Over the course of dozens of projects, feedback shared across research networks shaped the use and sourcing of 5-Bromo-3-Methoxycarboxylic Acid Pyridine. Whenever new applications or unexpected hurdles arose, experienced chemists shared best practices and real-world tips online and at conferences. A steady push for more sustainable packaging, improved documentation, and expanded applications drove steady progress in the field.
Not all research communities can afford to test every available variant themselves, so trust in shared experience fills critical gaps. Journals now encourage supplementary data and reproducibility checklists. Suppliers advertise lot-specific certificates of analysis, which researchers around the world can reference. Collective vigilance against poor quality and openness in communication ensures that when someone orders this compound, it meets expectations and supports reliable, forward-moving science.
No research journey ever runs entirely to plan. Over time, the best solutions come from a combination of smart material choices and well-honed protocols. Switching to 5-Bromo-3-Methoxycarboxylic Acid Pyridine as a mainstay brings long-term benefits—not just to synthetic performance but to culture and trust in lab operations. Whether the endgame is a novel pharmaceutical or a functional material, starting points matter. Careful selection and documentation of building blocks form the backbone of successful projects, and small improvements at this early stage ripple out into breakthroughs downstream.

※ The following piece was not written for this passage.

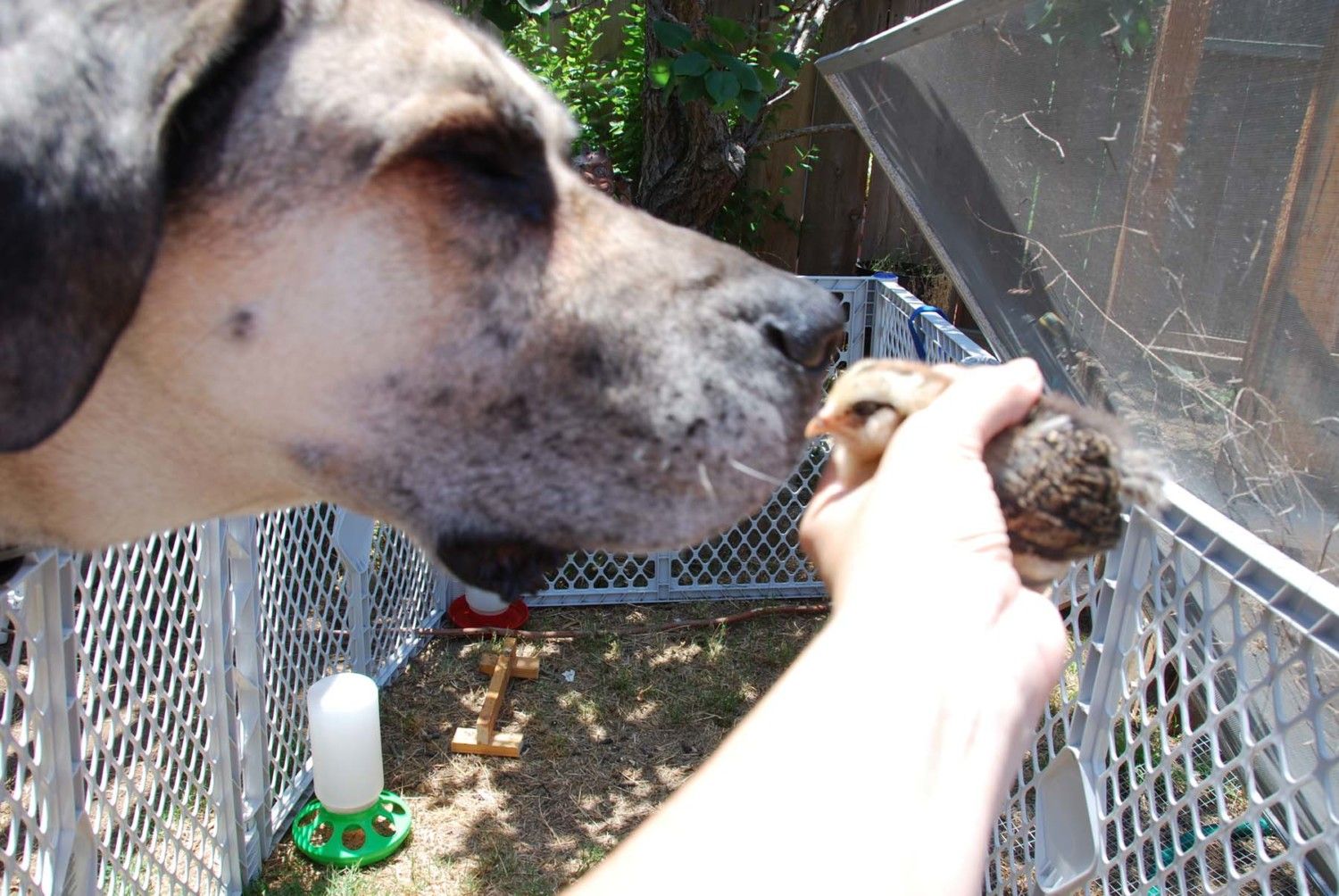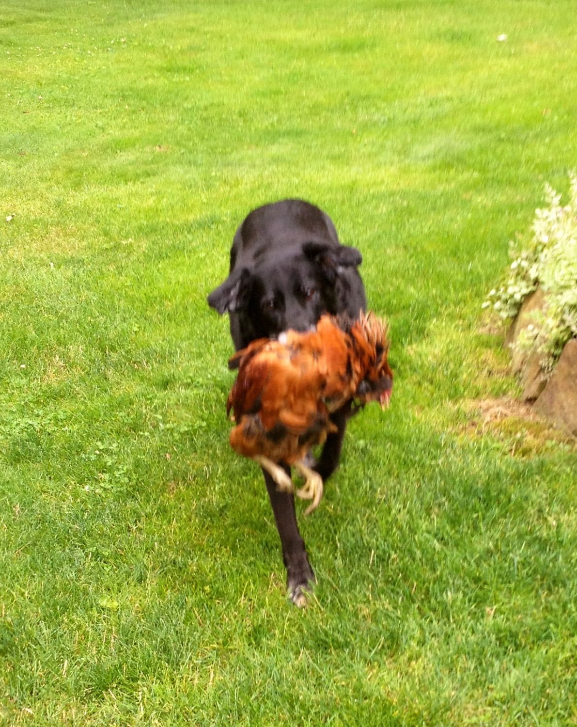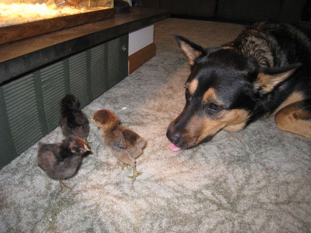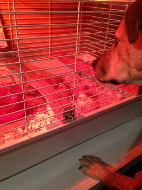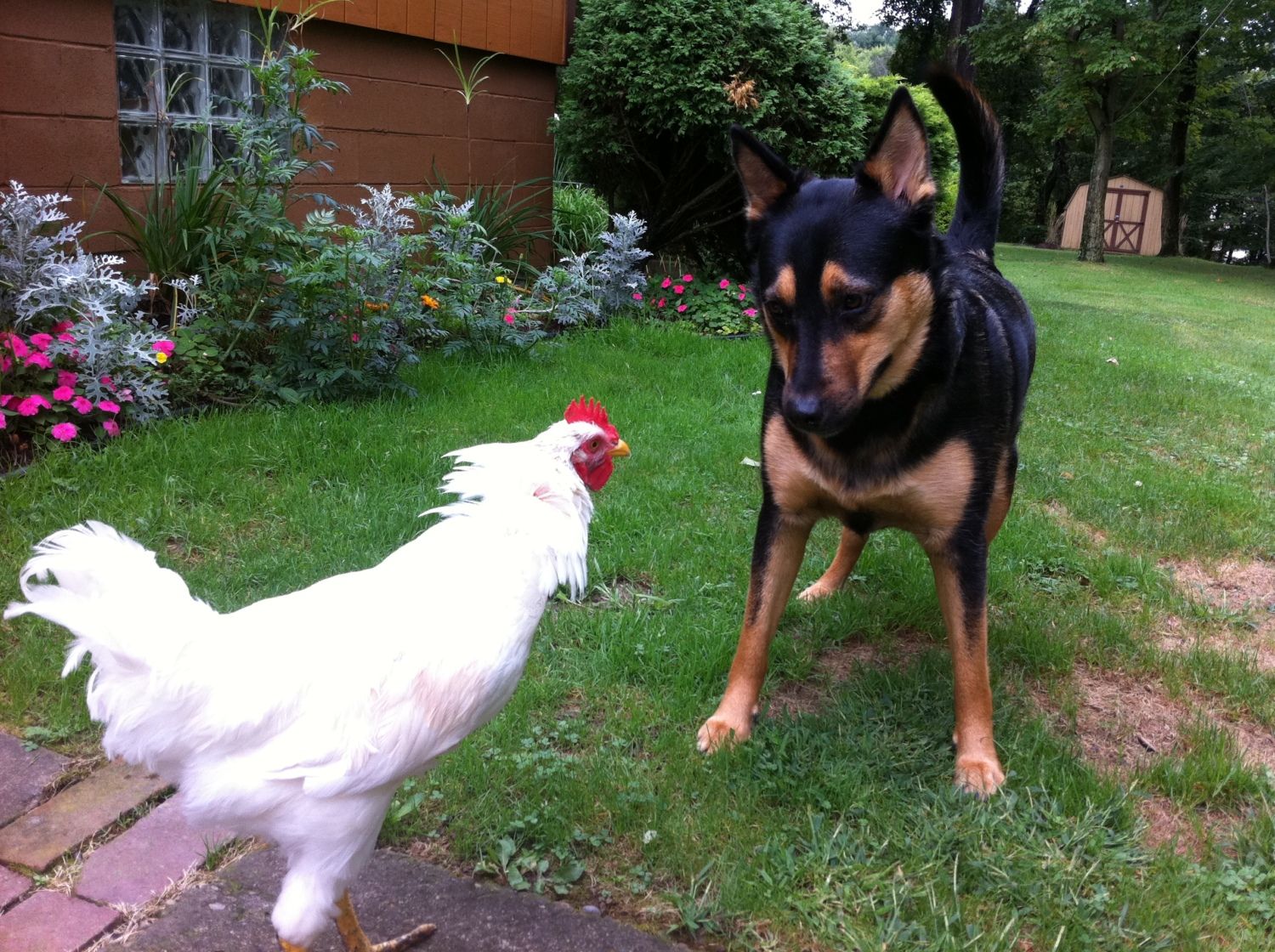"Big Momma" is a Cornish Cross left over from last year. I had a really hard time breaking Levi, our red catahoula from killing chickens. Since he was bred to hunt wild hogs it wasn't a huge shock to us but his predator drive needed to be shut down none the less. After he was sufficiently broken I decided to keep a hen around (we didn't have layers at the time) just to keep him in calm around them. It worked like a charm. They take naps together during the day and sleep in the SAME dog house at night. Big Momma has even taking to trying to 'bark' at the cows in the next pasture. I wish I had it on video. It sounds like a really angry cluck accompanied by raised neck feathers and all. When we added four layers to the flock and two roosters Levi didn't bat an eye. All the new hens and the two roos sleep together but Big Momma always goes back to the dog house to sleep next to her buddy.

Even as techniques become more advanced and automation sweeps through major R&D pipelines, success still depends on access to well-characterized, reproducible intermediates. 5-Bromo-3-Methoxycarboxylic Acid Pyridine fits squarely within this vision. By supporting streamlined syntheses, transparent traceability, and robust, reproducible outcomes, this compound positions both new and experienced chemists for success in a demanding scientific landscape. The quest for new medicines, advanced materials, and innovative processes draws on the hard-earned lessons of the past—precision in the small things shapes possibility in the big picture.